Apple’s Applied Machine Learning team has built systems for a number of large-scale data science applications. We work on many high-impact projects that serve various Apple lines of business. We use the latest in open source technology and as committers on some of these projects, we are opening up the boundaries. Working with multiple lines of business, we handle many streams of Apple-scale data. We bring it all together and extract the value. We do all this with an exceptional group of software engineers, data scientists, SRE/DevOps engineers and managers.
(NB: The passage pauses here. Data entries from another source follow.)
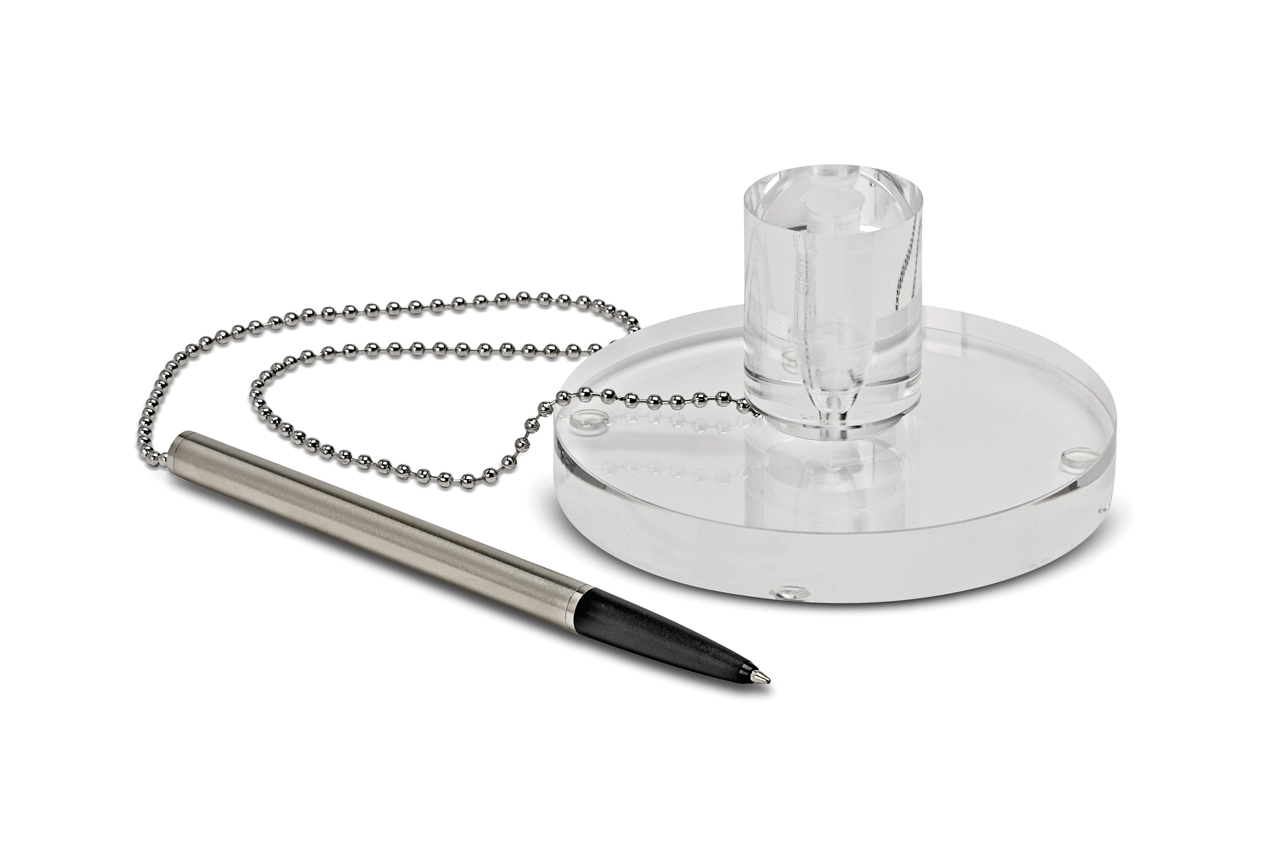 Harmonieux dans tout environnement de bureau. Stylo à bille noble en acier inoxydable et plastique sur une chaîne à bille solide. Pour les guichets et les bureaux ouverts au public, dans les banques et les administrations. Fabriqué en Allemagne. Tenue sûre et stable. Mine indélébile. Mine interchangeable, type G2, ISO 12757/2. Couleur d'écriture noire. Pied lourd en acrylique de haute qualité pour une bonne stabilité. Picots transparents sur le socle. Chaîne à bille solide, longueur 42 cm.
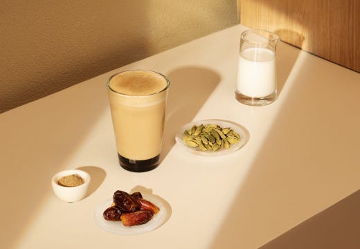 Date & Cardamom Creamy LatteÉpais et crémeux ! Cette recette de café est un mélange parfait pour la saison du Ramadan. Sucré avec des dattes, il est incroyablement savoureux. -
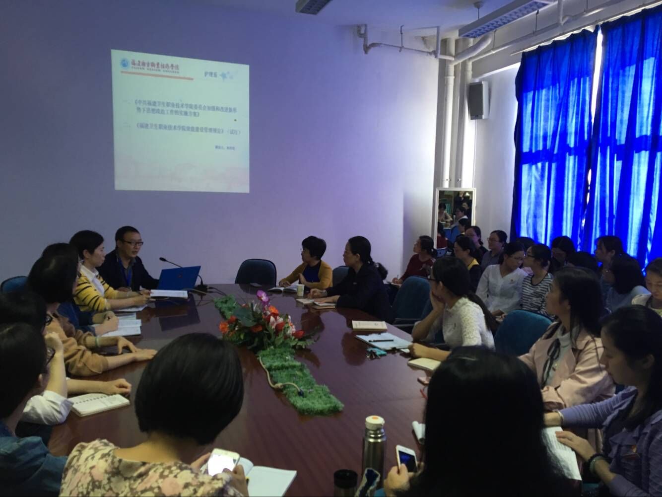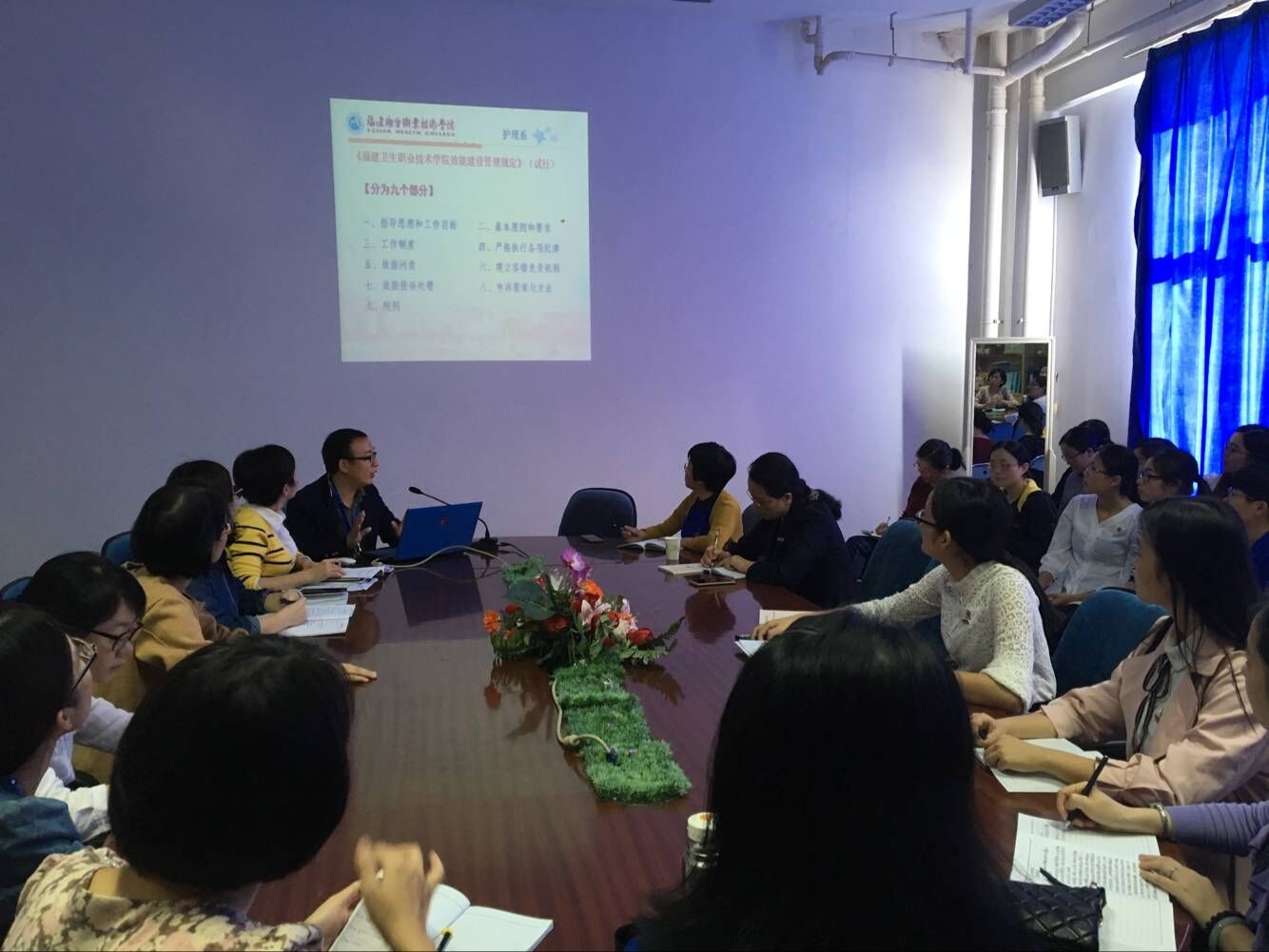 年11月9日,護理系在會議室召開系部大會,學(xué)習(xí)了《中共福建衛(wèi)生職業(yè)技術(shù)學(xué)院委員會加強和改進新形勢下思想政治工作的實施方案》和《福建衛(wèi)生職業(yè)技術(shù)學(xué)院效能建設(shè)管理規(guī)定》(試行),全體教職工及部分學(xué)生代表參加學(xué)習(xí)。
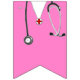 Unique medical school celebration decoration or doctor party bunting featuring pink hospital scrubs, stethoscope and stripes.
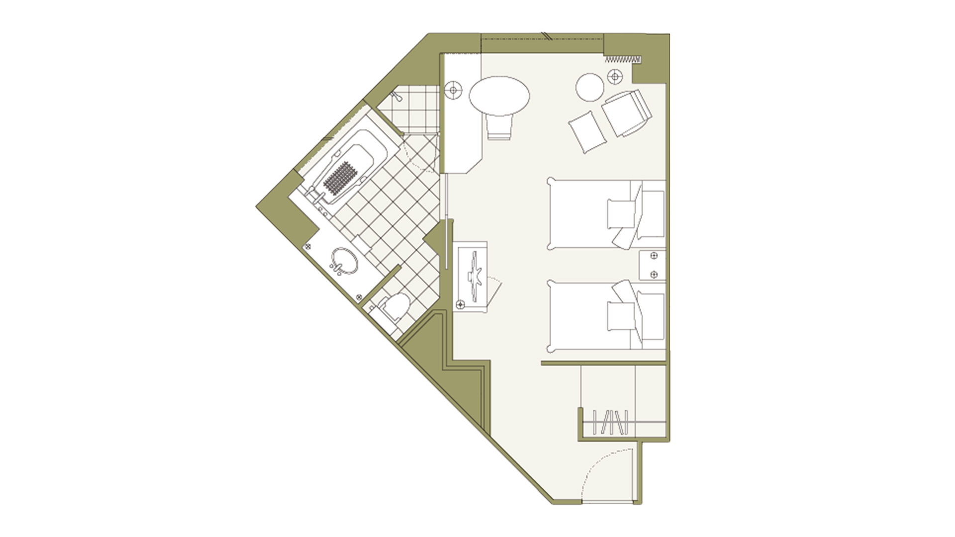 お部屋の間取りはあくまで一例です。面積や家具の配置、備品などはお部屋により異なりますので、あらかじめご了承ください。

Overall 12+ years’ experience including atleast 5 Years of Management experience leading a team of engineers
5+ years of experience proving reliability engineering for distributed apps and technologies – Cassandra, Solr, Kafka
Hands on manager who likes fixing complex performance and scale problems
Excellent problem solving, critical thinking, and communication skills – Lead by example to motivate and challenge the team to deliver their best
Strong Experience leading multi-functional initiatives and thought leadership
Zoom in and zoom out to clear out ambiguity and set a clear path forward
Have a passion for automation by creating tools using Python, Java or other JVM languages
Strong expertise in solving complex production issues
Should be adept at prioritizing multiple issues in a high pressure environment
Should be able to understand complex architectures and be comfortable working with different teams
Ability to conduct performance analysis and fix large scale distributed systems
Should be highly proactive with a keen focus on improving uptime availability of our mission-critical services
Comfortable working in a fast paced environment while continuously evaluating emerging technologies
The position requires solid knowledge of secure coding practices and experience with the open source technologies
We are seeking a hands-on Manager who has end to end experience managing distributed applications and underlying data layers. You are responsible for availability, security and reliability of many key applications in AML portfolio. You have grown into leadership roles after proving your technical skills in individual contributor roles but still enjoy hands on work when the situation calls for it. You have designed and built large scale application environments for availability, security and reliability serving hundreds of millions of request/day and billions of database calls/day. You keep yourself informed about the choices and trade off as the new technology evolves in the data and infrastructure landscape. You have an eye for talent and hire and grow your engineers by mentoring and challenging them. You will collaborate across many teams to deliver on projects and provide SRE support for reliability of these managed services.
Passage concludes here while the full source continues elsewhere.